Basically, yes, with that "class condemnation" implied as a habitual attitude of him (sounds a bit clumsy but quite understandable).
Though, frankly, in this meaning I'd typically expect отказывает у +Gen.


----------



## GCRaistlin

Maroseika said:


> in this meaning I'd typically expect отказывает у +Gen.


Тут по аналогии с _Ему отказал здравый смысл._


----------



## pimlicodude

Awwal12 said:


> Basically, yes, with that "class condemnation" implied as a habitual attitude of him (sounds a bit clumsy but quite understandable).
> Though, frankly, in this meaning I'd typically expect отказывает у +Gen.


Yes, that's what I was thinking, as I found on Context Reverso _У него отказывает сердце._


----------



## nizzebro

With the dative case, it would be more consistent when used towards senses as "чувство/личный принцип классового осуждения", by analogy with "ему отказало его пролетарское чутьё", "на этот раз его блестящая интуиция ему отказала" - but I'm not sure if this was exactly the author's idea, because "condemnation", taken alone, is rather a practice and not a sense.


----------



## Rosett

Parsing the phrase: ему отказывает классовое чутьё и он одобряет вместо осуждения.


----------



## Vovan

pimlicodude said:


> _но тут нашему коммунистическому летописцу отказывает классовое осуждение и он – одобряет_


I guess the closest analogy to that would be "У меня в таких ситуациях отказывает чувство юмора" (=чувство юмора не "срабатывает", т.е. не "включается").



pimlicodude said:


> I know отказывать means "to stop working", but then I'm not familiar with that meaning when coupled with a dative.
> машина отказала (мне???)?


An addition like that (rather hard to define syntactically) is optional, but it still must be evident from context.
_Двигатель отказал.
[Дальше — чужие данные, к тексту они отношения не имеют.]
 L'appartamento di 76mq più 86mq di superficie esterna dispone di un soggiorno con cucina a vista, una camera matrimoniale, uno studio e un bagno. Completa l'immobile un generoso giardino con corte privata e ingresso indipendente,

Система автоматики отказала. (Possibly with "у кого-то; у (его) автомобиля".)_​_Сердце отказало. Почки отказали. (Typically with "у кого-то".)_​_Здравый смысл отказал. Интуиция отказала. Чутье отказало. (Typically with "у кого-то" or "кому-то".)_​​​


nizzebro said:


> "condemnation", taken alone, is rather a practice and not a sense.


Well, it _could _be a feeling (as in "в глубине души относиться с осуждением").


----------



## Vovan

GCRaistlin said:


> Это сарказм Солженицына. Мол, столько твердить про классовый подход - а как деньги на горизонте показались, так на всё глаза закрыли.
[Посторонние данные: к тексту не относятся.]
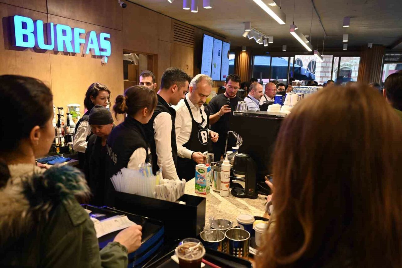 TBMM Sanayi, Ticaret, Enerji, Tabii Kaynaklar, Bilgi ve Teknoloji Komisyonu Başkanı ve Bursa Milletvekili Mustafa Varank, Bursa Büyükşehir Belediye Başkanı Alinur Aktaş ve AK Parti İl Başkanı Davut Gürkan ile birlikte Tarihi Çarşıbaşı Meydanı’ndaki Burfaş Kafe’de barista önlüklerini giyerek tezgahın başına geçti.

К слову, выбор в пользу датива ("классовое осуждение ему отказало"), подчеркивающего привычную автоматичность чувства, - это тоже своего рода ирония: над "правильным" советским человеком.


----------



## nizzebro

Vovan said:


> Здравый смысл отказал. Интуиция отказала. Чутье отказало. (Typically with "у кого-то" or "кому-то".)


Честно говоря, "у меня отказала интуиция (отказало чутьё)" мне кажется странным, потому что это не печень/сердце/карбюратор. "Мне отказала" может тоже казаться странноватым, но также есть и "мне изменила" - что должно бы казаться не менее странным, но употребляется - и обе этих формы исходят из того, что это как второй голос, вторая часть человека фактически, с которой он ведёт диалог (человек, вообще говоря, не есть строго определенная, унарная система).


Vovan said:


> Well, it _could _be a feeling (as in "в глубине души относиться с осуждением").
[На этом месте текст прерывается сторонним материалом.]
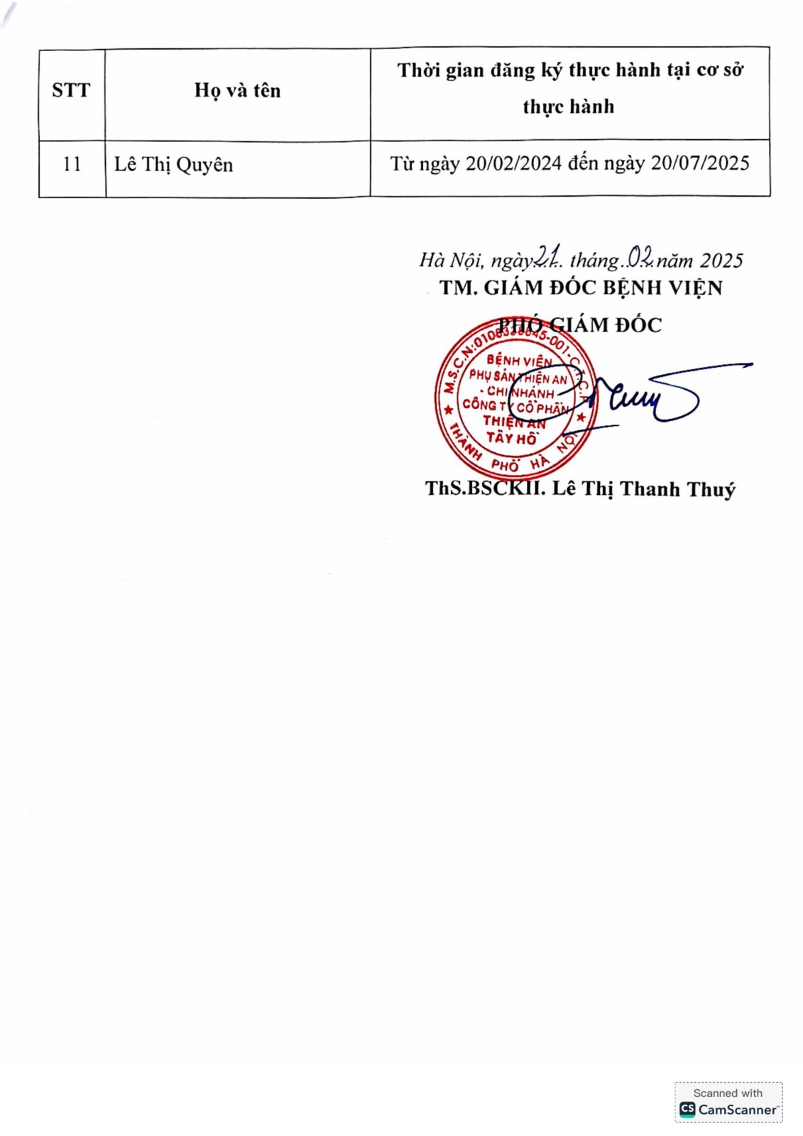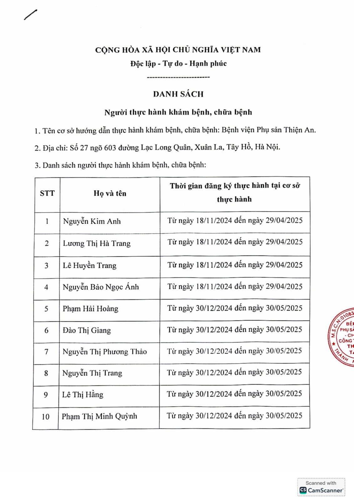 Danh sách người thực hành khám bệnh, chữa bệnh tại Bệnh viện Phụ sản Thiện An (cập nhật đến tháng 2 năm 2025)

A feeling, but not sense (if I use these two correctly in English).


----------



## Vovan

nizzebro said:


> Честно говоря, "у меня отказала интуиция (отказало чутьё)" мне кажется странным


Взгляните, тем не менее, на выдачу поисковика Google: практически чередуются оба употребления (вариант без уточнения _кому / у кого_ мною вычеркнут):


Spoiler



Но в разгаре своего нынешнего тура 53-летней *Мадонне*, возможно, впервые в карьере *отказала интуиция*. Сначала в Стамбуле она, простите, ...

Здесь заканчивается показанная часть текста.